Here's what you do.  Search this forum for any post by "Geotech". He actually posted in one of your threads. That's Carl Moreland.  He is a design engineer who has worked for Whites and now works for First Texas.  Suck up any nuggets you can from his posts..

Then hop on over to his site.  If you ever want to build your own detector or just want to nerd out on the various technologies and scientific principles used for metal detecting (Faraday's law, induction balance, pulse induction) you can find the subject matter discussed in excruciating detail on the references pages and forum there. 

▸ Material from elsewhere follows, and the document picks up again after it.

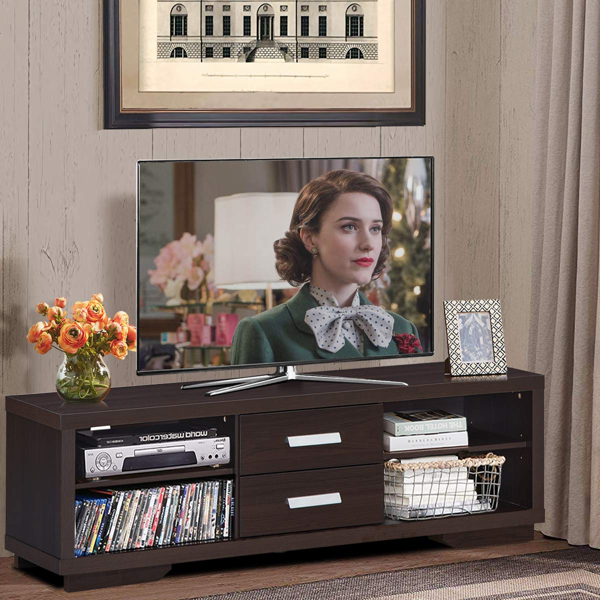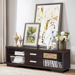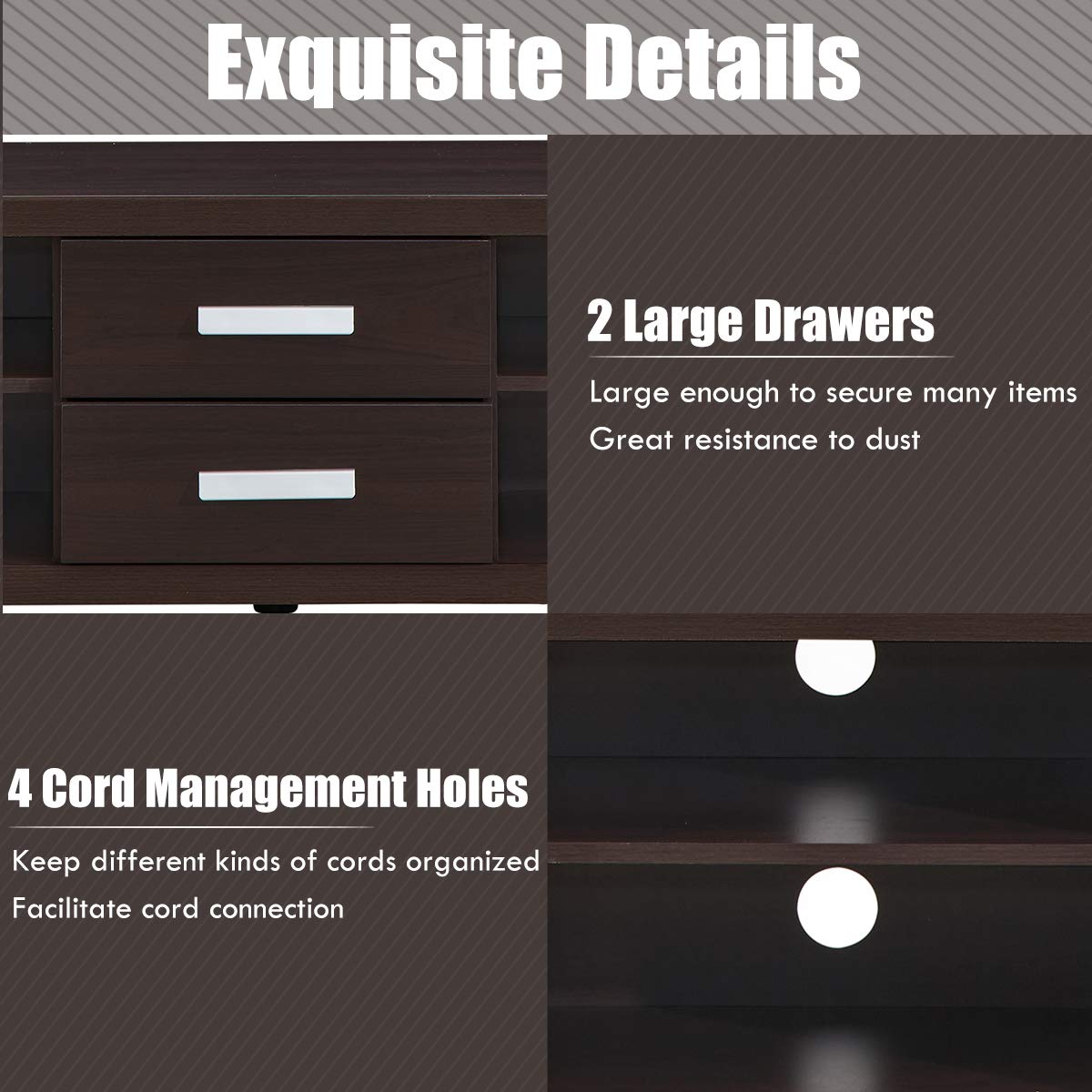 - Customize Your Storage Space: The TV stand is designed with 2 drawers so that you can store your important items like movie collection inside and prevent dust from entering. Besides, there are 2 open storage shelves to allow you to store media devices. More, you can customize the storage space based on your requirements since the shelves are 3-position adjustable.

Finally, grab a paper or electronic copy of Carl's book, "Inside the Metal Detector", co-authored with George Overton.  Among a host of other topics about metal detector principles and technology, they describe how operating frequency affects target detectability in depth.  What you will find is there is no singular answer to the question you are seeking because the variables in play are simply too complex.  I get the impression you are looking for the optimal frequency to detect a silver Roosevelt dime vs. the optimal frequency to detect an 1849 $1 Gold piece vs. the optimal frequency to detect a King George III Copper.  The answer is a less than satisfying, "It depends".  And the best you can really do is speak in generalities.  For example, if you want to detect high conductors (e.g. silver coins) at depth go low in frequency (say 4khz), you want gold jewelry then 20 khz is a good neighborhood.  Then you need to consider ground effects that tend to attenuate higher frequencies and EMI which tends to be more prevalent at lower frequencies and you find that metal detecting is not about finding the -3dB half-power reactive component sweet spot but is really about balancing and trading off all these competing effects to give you the best chance to detect your particular target of interest.  HTH

Ahh- Carl beat me to it.  Thank you!  I was wondering when you were going to chime in.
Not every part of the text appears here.